We now introduce another level of abstraction with respect to `stencil2d.py`. Leveraging the `laplacian` subroutine we implement a stencil which applies the fourth-order diffusion operator

\begin{equation}
    \frac{\partial \phi}{\partial t} = - \alpha_4 \, \Delta_h \, (\Delta_h \phi) \, .
\end{equation}

<div class="alert alert-block alert-info">
<b>Now it's your turn...</b><br>
<b>2.</b> Write a GTScript function called <tt>diffusion_defs</tt> which performs the same operations as the following lines in <tt>stencil2d.py</tt>:<br>
<code>laplacian( in_field, tmp_field, num_halo=num_halo, extend=1 )
 laplacian( tmp_field, out_field, num_halo=num_halo, extend=0 )
 out_field[:, num_halo:-num_halo, num_halo:-num_halo] = \
     in_field[:, num_halo:-num_halo, num_halo:-num_halo] \
     - alpha * out_field[:, num_halo:-num_halo, num_halo:-num_halo] </code><br>
The function receives the input field <tt>in_field</tt>, the output field <tt>out_field</tt> and the scalar coefficient <tt>alpha</tt>. Assume grid point values are stored as <tt>float</tt>s. Do import and call the <tt>laplacian</tt> subroutine.<br>
<b>3.</b> Compile the stencil using <tt>gtscript.stencil()</tt>. Recall to pass the <tt>laplacian</tt> subroutine as an external symbol. Make sure that the code compiles fine with both the <tt>"numpy"</tt> and <tt>"gtx86"</tt> backends. Remember to re-compile the stencil every time you modify its definition function!<br>
</div>

In [3]:
def diffusion_defs(
    in_field: gtscript.Field[float], out_field: gtscript.Field[float], *, alpha: float
):
    from __externals__ import laplacian
    from __gtscript__ import PARALLEL, computation, interval
    
    with computation(PARALLEL), interval(...):
        lap1 = laplacian(in_field)
        lap2 = laplacian(lap1)
        out_field = in_field - alpha * lap2

In [4]:
# compile with the numpy backend
diffusion_numpy = gtscript.stencil(
    definition=diffusion_defs, 
    backend="numpy", 
    externals={"laplacian": laplacian}
)

In [5]:
# compile with the gtx86 backend
diffusion_gtx86 = gtscript.stencil(
    definition=diffusion_defs, 
    backend="gtx86", 
    externals={"laplacian": laplacian},
    verbose=False
)

## Updating the boundary region

Due to current limitations in the storage design, if we wish to run our code on GPUs the boundary conditions should be enforced using GT4Py. However the implementation of the halo update using the DSL is rather cumbersome. So here we restrict ourselves to a plain Python version.
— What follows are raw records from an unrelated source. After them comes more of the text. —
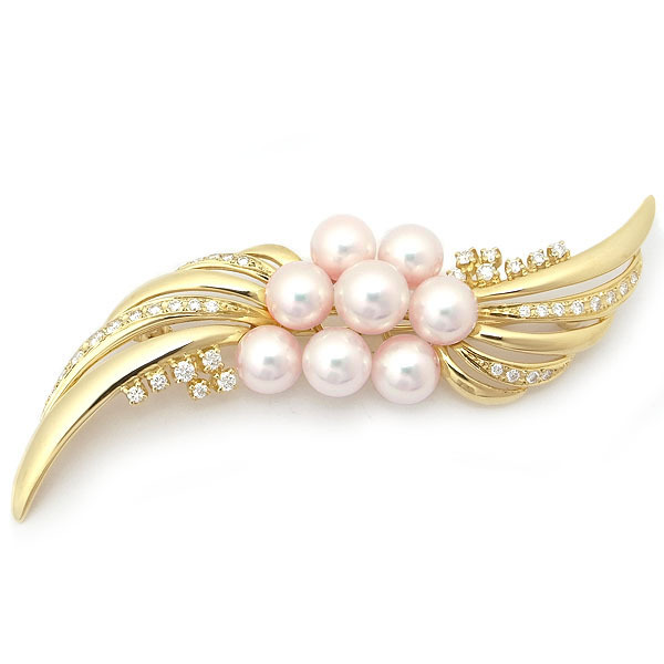 | コメント |           大きさが異なる6.8mm~7.4mmのアコヤ真珠を中心に配し、左右に緩やかなカーブを描いた5本のライン、5本のラインのうち2本にはダイヤモンド敷き詰め、アクセントにラウンドダイヤを上下にあしらったミキモト(MIKIMOTO)のブローチです。左右で若干長さが違うモチーフはまるで風を纏った羽の様な優美なデザイン。上質なパールの艶と色味、イエローゴールドの華やかさ、ダイヤモンドの可憐な輝きが襟元を彩ります。ミキモトならではの細やかな造りを楽しめるジュエリーです。 総重量15.0g 緑屋商品番号:5010043      |      | 程度 |           中古Aランク           |      | 素材・色 |           K18YG      |      | サイズ |           全長約68.4mmx幅約19.8mm      |      | 付属品 |           ギャランティーカードなし 箱なし      |
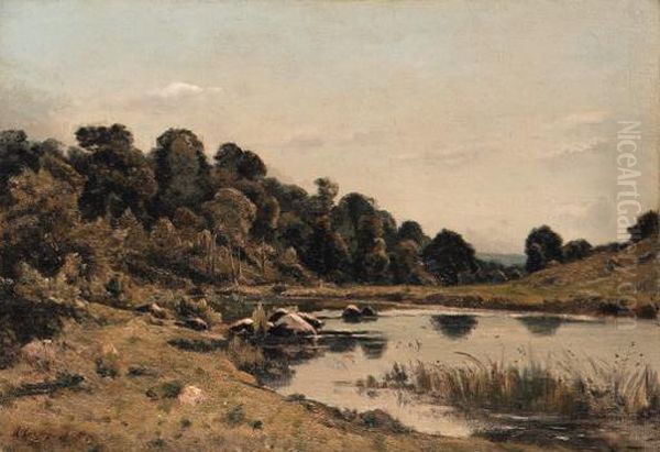 Les Bords De L'aumance Oil Painting by Henri-Joseph Harpignies
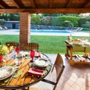 In addition to the stylish interior, Viagrande offers a range of amenities to ensure a relaxing stay. These include an air-conditioned fitness room with a bathroom, a covered terrace with table tennis and foosball, a spacious garden with a lawn and BBQ area, and a stunning private swimming pool with a sun terrace. Whether you're unwinding by the pool, working out in the gym, or enjoying a meal on the terrace, Viagrande provides the perfect environment for relaxation and enjoyment.
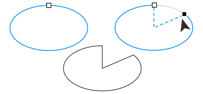 To use the Shape tool to create a pie shape, drag the node of the ellipse (left) to the inside of the ellipse (center). To create an arc, drag the node to the outside of the ellipse (right).
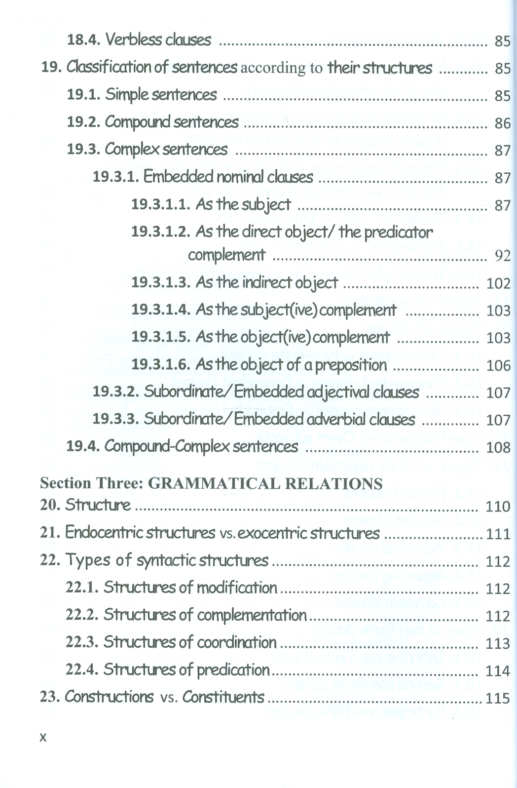 Trong phần nội dung của sách còn có đưa vào tên gọi tương đương trong tiếng Việt của các thuật từ, thuật ngữ quan trọng nhất trong Cú pháp học tiếng Anh. Các thuật từ và thuật ngữ này, cũng với (i) ký hiệu viết tắt và (ii) tên gọi tiếng Việt của chúng, được trình bày một cách có hệ thống trong Bản liệt kệ các quy ước về ký hiệu (List of notational conventions) ở ngay đầu quyển sách nhằm hỗ trợ người học tiện tra cứu khi cần.

A GT4Py version will be provided at the end of the course.

<div class="alert alert-block alert-info">
<b>Now it's your turn...</b><br>
<b>4.</b> The <tt>update_halo()</tt> function receives (i) the GT4Py storage on which periodicity should be imposed and (ii) the width of the halo. Write the body of the function treating the input field as a regular <tt>numpy.ndarray</tt>. Recall that the axes order is <tt>I-J-K</tt>, while in <tt>stencil2d.py</tt> we adopted the Fortran-ish <tt>K-J-I</tt> order. Validate your code using <tt>test_update_halo()</tt>. <br>
</div>

In [2]:
def update_halo(field, num_halo):
    # bottom edge (without corners)
    field[num_halo:-num_halo, :num_halo] = field[num_halo:-num_halo, -2 * num_halo : -num_halo]
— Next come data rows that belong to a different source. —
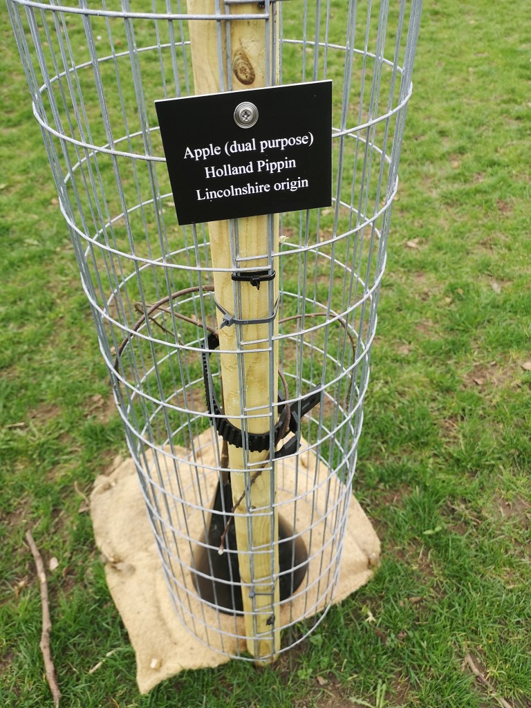 Anyway, the Westgate Fields orchard is a far more impressive affair, numbering twenty trees in regimented rows. There’s a mix of apples, pears and gages and almost all of them have smartly etched labels. Some fruit boffin has also laid a sort of carpet underlay material to protect the space around the infant trunks from predatory grass plants. It’s a good idea that I’ll probably nick.
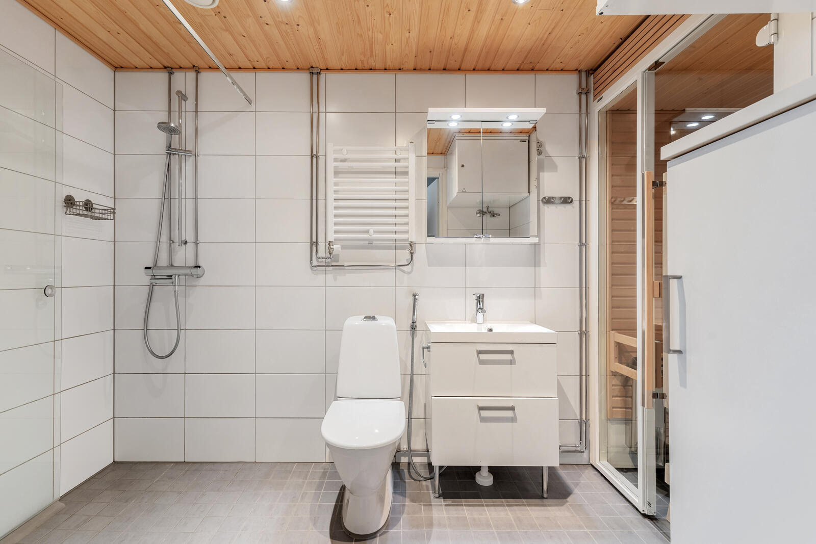 | Kylpyhuoneen kuvaus | Allaskaappi, lattialämmitys, peilikaappi, suihku, pesukoneliitäntä, suihkuseinä, wc-istuin ja kiinteät valaisimet, seinät (kaakeli), lattiat (laatta) |
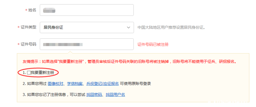 说明该证件号码之前在网站有注册记录。可使用找回用户名功能核实是否注册过账号。如果您未曾使用此身份证号码注册账号或已无法成功重置密码,可以考虑勾选页面“我要重新注册”,正确填写信息后点击【完成注册】;系统会提示您当前注册的账号需要核验身份证信息,使用当前注册的账号登录系统、并选择下途径中的任意一种来完成身份核验事宜。
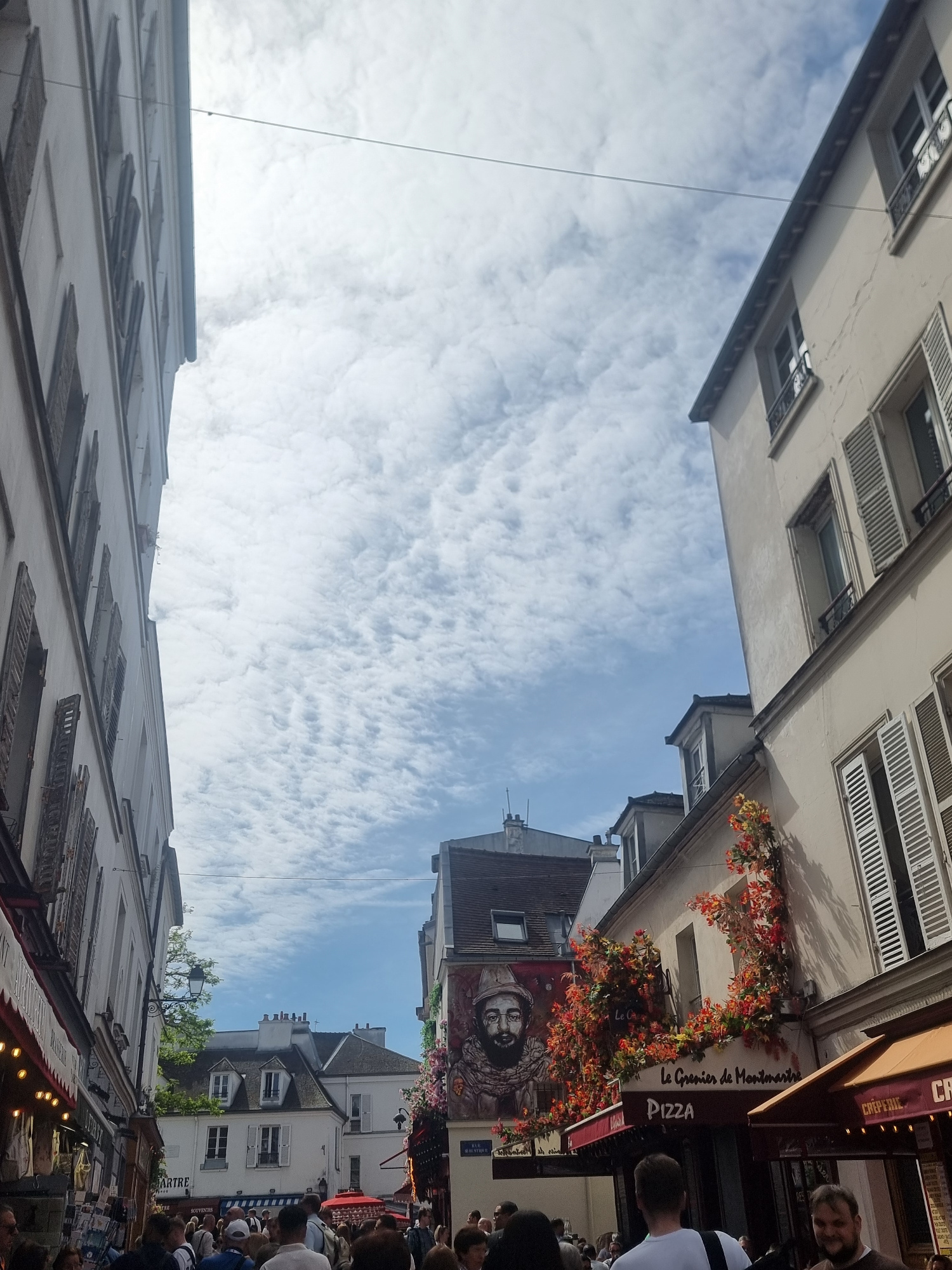 The image captures a vibrant street scene in what appears to be Montmartre, Paris, France, viewed from a low angle looking upwards. The original image is rotated 90 degrees clockwise. **Subjects:** T…read more

    # top edge (without corners)
    field[num_halo:-num_halo, -num_halo:] = field[num_halo:-num_halo, num_halo : 2 * num_halo]

    # left edge (including corners)
    field[:num_halo, :] = field[-2 * num_halo : -num_halo, :]

    # right edge (including corners)
    field[-num_halo:, :] = field[num_halo : 2 * num_halo]

In [3]:
def test_update_halo(f):
    data = np.load("baseline_data/update_halo.npz")
    field = data["in_field"]
    val = data["out_field"]
    num_halo = data["num_halo"]
    
    f(field, num_halo)
    
    if np.allclose(field, val):
        print("Unit test for update_halo(): PASSED!")
    else:
        print("Unit test for update_halo(): FAILED.")

In [4]:
test_update_halo(update_halo)

FileNotFoundError: [Errno 2] No such file or directory: 'baseline_data/update_halo.npz'

## Time integration

The time marching procedure is carried out by the `apply_diffusion` function, whose signature reads:

```
def apply_diffusion(diffusion_stencil, in_field, out_field, alpha, num_halo, num_iter=1):
```

Here `diffusion_stencil` is the stencil object which applies the diffusion operator, `in_field` and `out_field` are the input and output fields, `alpha` is the diffusion coefficient, `num_halo` is the number of halo points, and `num_iter` is the number of iterations. Each iteration consists of three steps:

1. Updating the halo region of the input field `in_field`;
2. Running the `diffusion` stencil on `in_field` and store the results in `out_field`;
3. Updating the halo region of the output field `out_field` if it is the last iteration, otherwise swapping `in_field` and `out_field`.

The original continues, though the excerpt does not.